Title: Adventures with large biomedical datasets: diseases, medical records, environment and genetics
Speaker: Prof. Andrey Rzhetsky University of Chicago
Time: 2018-12-11 14:00-2018-12-11 15:00
Venue: FIT 1-222

Abstract:

I will attempt to cover several interrelated analysis topics, spending more time on parts that resonate with the audience.

First, I will introduce our recent study analyzing phenotypic data harvested from over 150 million unique patients.
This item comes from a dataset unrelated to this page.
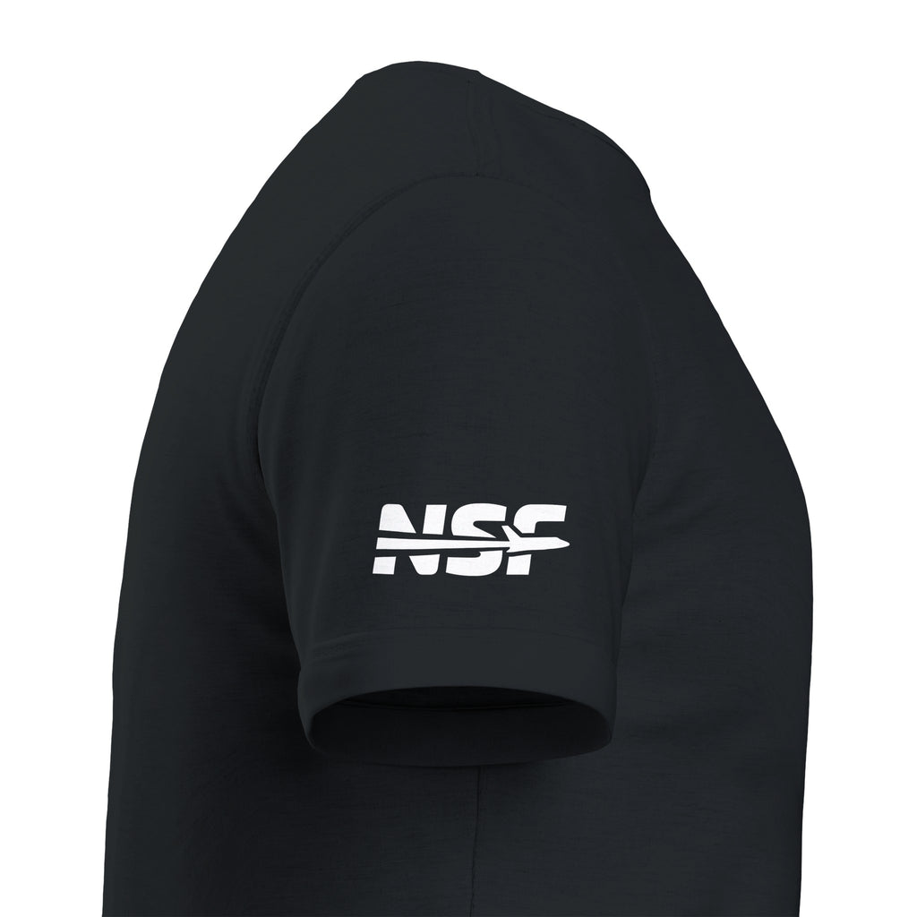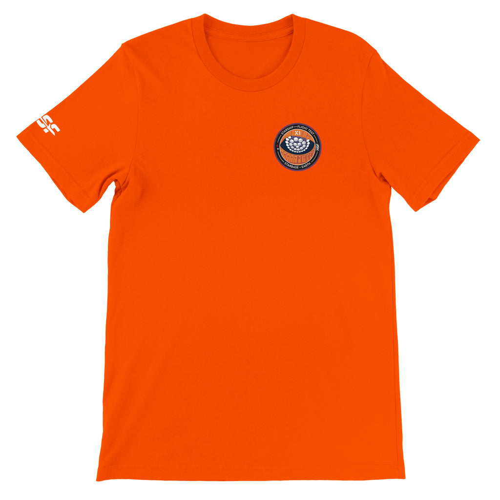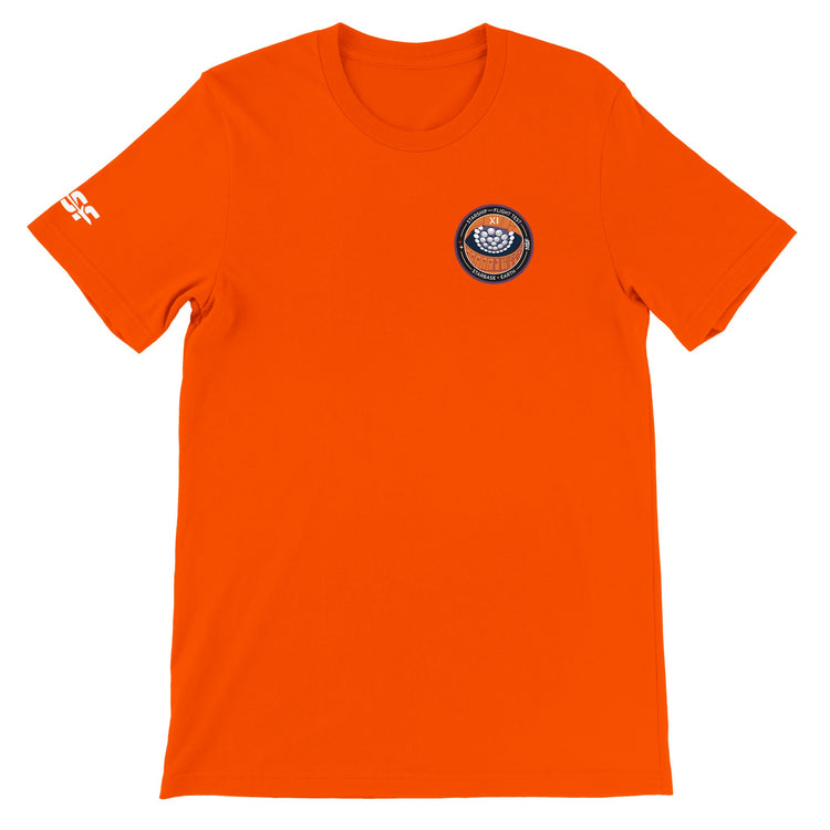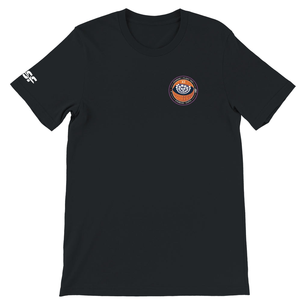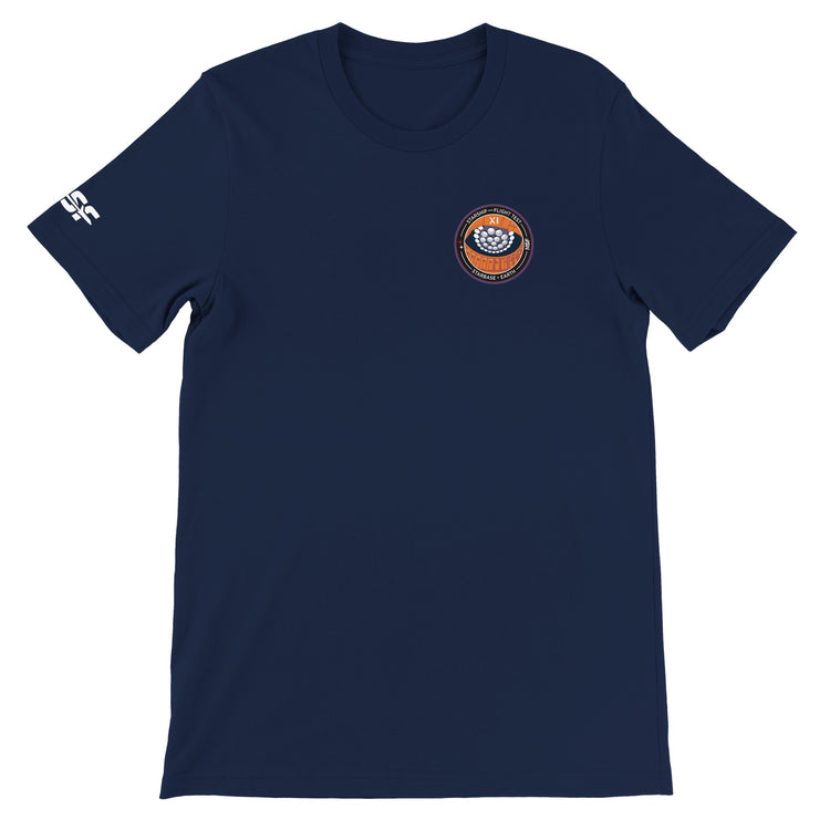Unisex tee with Starship Flight 11 patch art. 100% combed & ringspun cotton.

Curiously, these non-genetic large-scale data can be used for genetic inferences. We discovered that complex diseases are associated with unique sets of rare Mendelian variants, referred to as the “Mendelian code.” We found that the genetic loci indicated by this code were enriched for common risk alleles. Moreover, we used probabilistic modeling to demonstrate for the first time that deleterious Mendelian variants likely contribute to complex disease risk in a non-additive fashion.

The second topic that I hope to cover is analysis of apparent clusters of neurodevelopmental disorders. Disease clusters are defined as geographically compact areas where a particular disease, such as a cancer, shows a significantly increased rate. It is presently unclear how common are such clusters for neurodevelopmental maladies, such as autism spectrum disorders (ASD) and intellectual disability (ID). As in the first story, examining data for one third of the whole US population, we demonstrated that (1) ASD and ID are manifesting strong clustering across US counties; (2) counties with high ASD rates also appear to have high ID rates, and (3) the spatial variation of both phenotypes appears to be driven by environment, and, by a lesser extent, by economic incentives at the state level.

The third topic is about using electronic medical record data to 1) estimate the heritability and familial environmental patterns of diseases, and 2) infer the genetic and environmental correlations between disease pairs from a set of complex diseases. I am particularly interested in inferring objective classifications// of diseases (based on a formal optimization criterion), separately from environmental and genetic factors.



Short Bio:

RzhetskyAndrey Rzhetsky is an Edna K. Papazian Professor of Medicine and Human Genetics, at the University of Chicago. He is also a Pritzker Scholar, and a Senior Fellow of both the Computation Institute, and the Institute for Genomics and Systems Biology at the University of Chicago.

His research is focused on computational analysis of complex human phenotypes in context of changes and perturbations of underlying molecular networks. The input data for these studies is supplied by large-scale mining of free text, computation over clinical records, and high-throughput systems biology experiments.